So I thought I was slick leaving his room this morning all incognito. Little did I know I was wearing his football jersey with his name across the back... stilettos & my bra was left behind. never seeing that again
dude. how can brian from family drink at fucking bars? he's a dog and definitaly doesn't have pockets.
He had to pee in the sink beside my head because the girl that I was taking care of was passed out on the toilet. To answer your question: yes i took a peek. Thats why we hooked up later.
he somehow instantly knew i was from vermont.
it probably had something to do with chasing your soco with maply syrup.
Blew a line and having a jolly rancher... the day is looking up.
Well I turned her sobriety into my own personal drinking game
Attn: you have now used your free, one time admission to pleasure town. Thank you for visiting I hope you enjoyed your trip. All future trips to P.T. Will cost you full admission price. We have different pricing plans to accommodate different situations, and remember it is more of a bartering system than a set price. Your patronage is always welcomed and once again thank you for visiting and have a fantastic evening.
I would lick a homeless mans crack teeth for a cup of coffee right now.
I'm drinking wine from the cap of my laundry detergent container, wearing my bed sheet as a cape. How do you think I'm taking it?
There are people taking shots out of a turtle shell.

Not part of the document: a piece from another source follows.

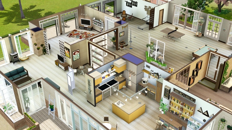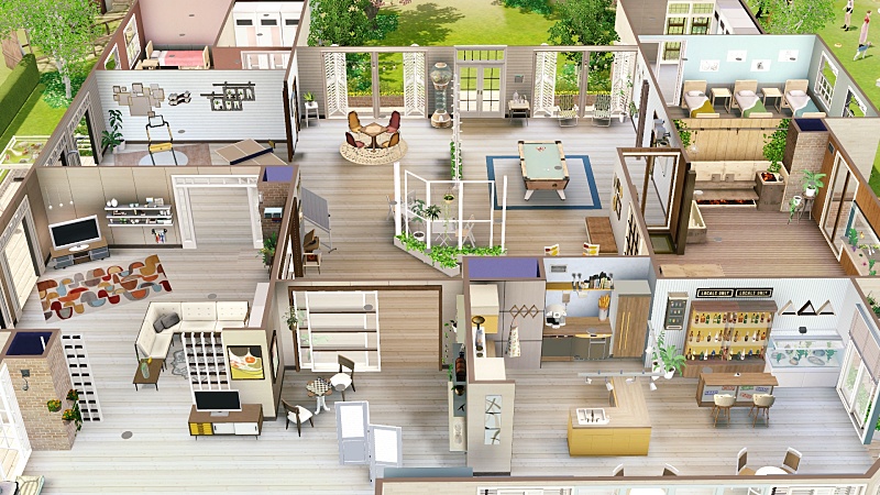 プレイする用の家はシムたちを観察しやすように平屋建築がほとんど。
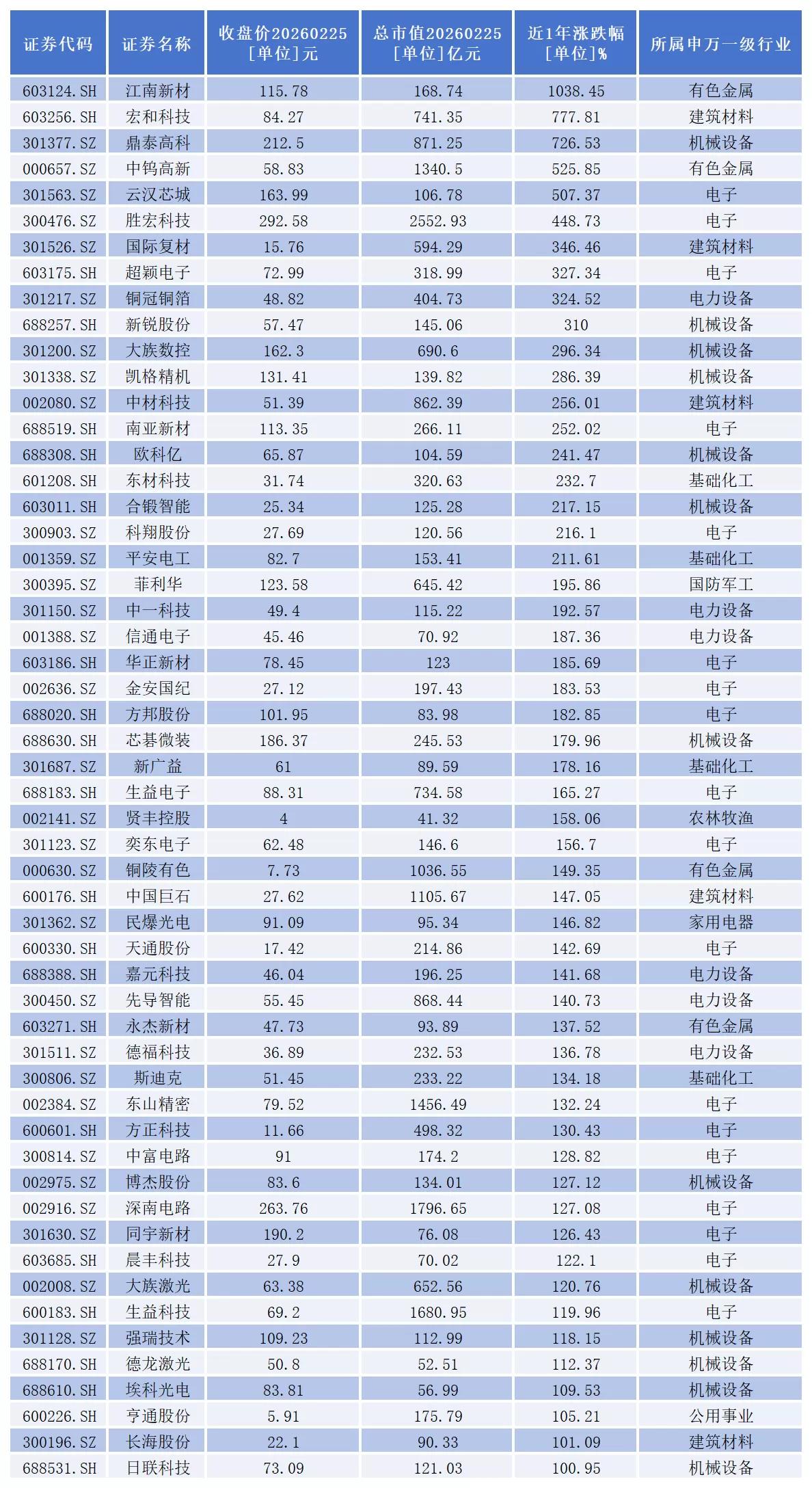 截至2月25日收盘,江南新材近一年股价累计涨幅高达1038.45%。

There no better feeling of self control than stopping yourself before telling your girlfriend she gives head just like her sister.
He wants to buy me a drink to apologize for sending me a pic of his dick. Welcome to my life.
Red flag bro. Her only friends are barflys and a teen with a fake ID
So far I've taken two naps, went out and bought a pizza called the Hipster, and in 15 min I'm gonna make a snow angel. Conquering Snowlandia. How bout you?
Definitely ended up doing Coke with Chewbacca in the porta potty behind the haunted house.